━━━━━ Data for the task ━━━━━
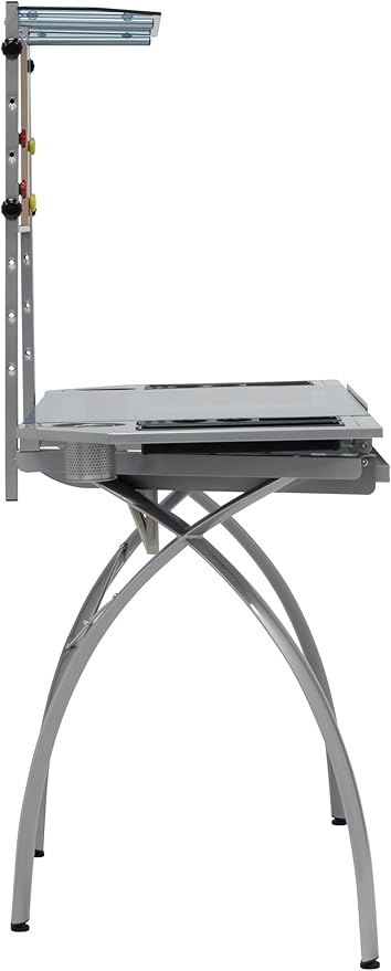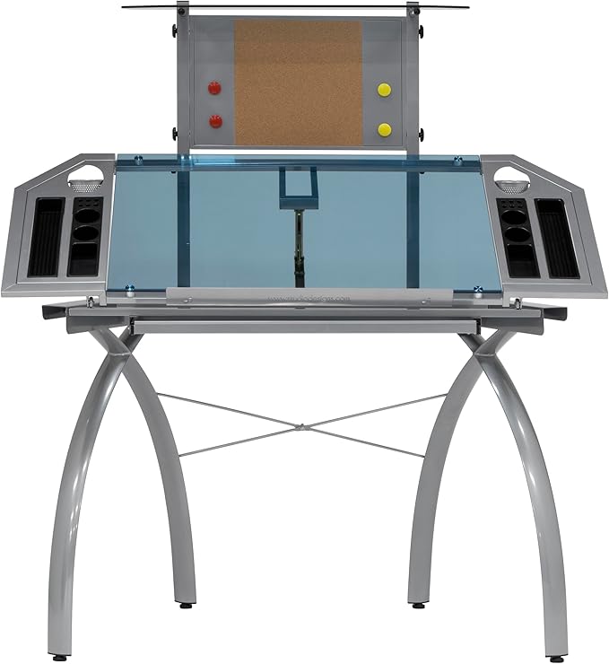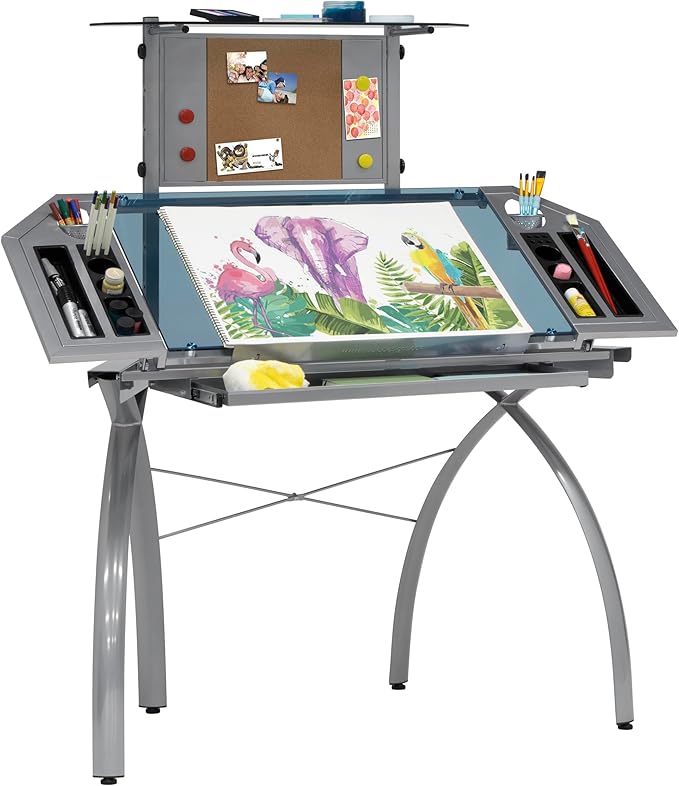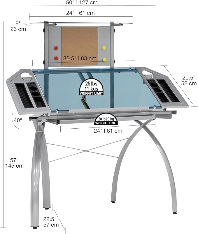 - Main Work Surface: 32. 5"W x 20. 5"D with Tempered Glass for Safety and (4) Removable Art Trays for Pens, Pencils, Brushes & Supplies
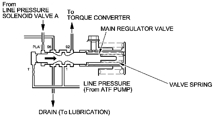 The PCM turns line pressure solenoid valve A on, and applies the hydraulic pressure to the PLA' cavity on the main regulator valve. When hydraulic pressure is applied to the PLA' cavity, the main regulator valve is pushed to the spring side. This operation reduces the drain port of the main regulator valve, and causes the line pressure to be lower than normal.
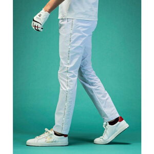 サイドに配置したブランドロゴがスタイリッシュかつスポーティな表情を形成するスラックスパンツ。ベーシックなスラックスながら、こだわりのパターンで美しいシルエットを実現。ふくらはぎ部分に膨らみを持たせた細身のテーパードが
━━━━━
━━━━━ Data for the task ━━━━━
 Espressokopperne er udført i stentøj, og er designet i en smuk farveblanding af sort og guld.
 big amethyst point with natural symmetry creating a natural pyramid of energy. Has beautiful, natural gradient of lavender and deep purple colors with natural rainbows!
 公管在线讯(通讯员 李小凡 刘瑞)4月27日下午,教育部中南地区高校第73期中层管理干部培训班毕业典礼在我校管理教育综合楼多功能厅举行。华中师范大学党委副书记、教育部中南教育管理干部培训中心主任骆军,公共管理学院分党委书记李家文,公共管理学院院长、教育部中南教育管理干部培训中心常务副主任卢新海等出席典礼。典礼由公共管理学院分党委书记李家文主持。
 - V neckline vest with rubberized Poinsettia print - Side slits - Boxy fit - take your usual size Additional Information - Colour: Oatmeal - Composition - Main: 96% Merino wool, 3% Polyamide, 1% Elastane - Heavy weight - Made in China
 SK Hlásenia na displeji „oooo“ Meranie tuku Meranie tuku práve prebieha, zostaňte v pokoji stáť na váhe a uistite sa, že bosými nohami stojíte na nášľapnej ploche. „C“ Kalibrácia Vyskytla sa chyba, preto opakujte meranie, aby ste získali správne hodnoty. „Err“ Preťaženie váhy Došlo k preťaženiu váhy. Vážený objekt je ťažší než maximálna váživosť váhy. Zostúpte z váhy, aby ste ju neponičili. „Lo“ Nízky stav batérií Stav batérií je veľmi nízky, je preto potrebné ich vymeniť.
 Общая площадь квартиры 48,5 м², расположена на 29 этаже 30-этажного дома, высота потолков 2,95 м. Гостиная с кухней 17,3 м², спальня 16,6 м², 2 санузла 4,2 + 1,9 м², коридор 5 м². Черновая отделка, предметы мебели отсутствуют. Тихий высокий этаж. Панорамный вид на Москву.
━━━━━
Using the entries above, extract exactly the lines from the one that contains "- Main Work" through the one that contains "サイドに配置したブランドロゴ". Do not carry over any pictures.

* _Result_:
 - Main Work Surface: 32. 5"W x 20. 5"D with Tempered Glass for Safety and (4) Removable Art Trays for Pens, Pencils, Brushes & Supplies
 The PCM turns line pressure solenoid valve A on, and applies the hydraulic pressure to the PLA' cavity on the main regulator valve. When hydraulic pressure is applied to the PLA' cavity, the main regulator valve is pushed to the spring side. This operation reduces the drain port of the main regulator valve, and causes the line pressure to be lower than normal.
 サイドに配置したブランドロゴがスタイリッシュかつスポーティな表情を形成するスラックスパンツ。ベーシックなスラックスながら、こだわりのパターンで美しいシルエットを実現。ふくらはぎ部分に膨らみを持たせた細身のテーパードが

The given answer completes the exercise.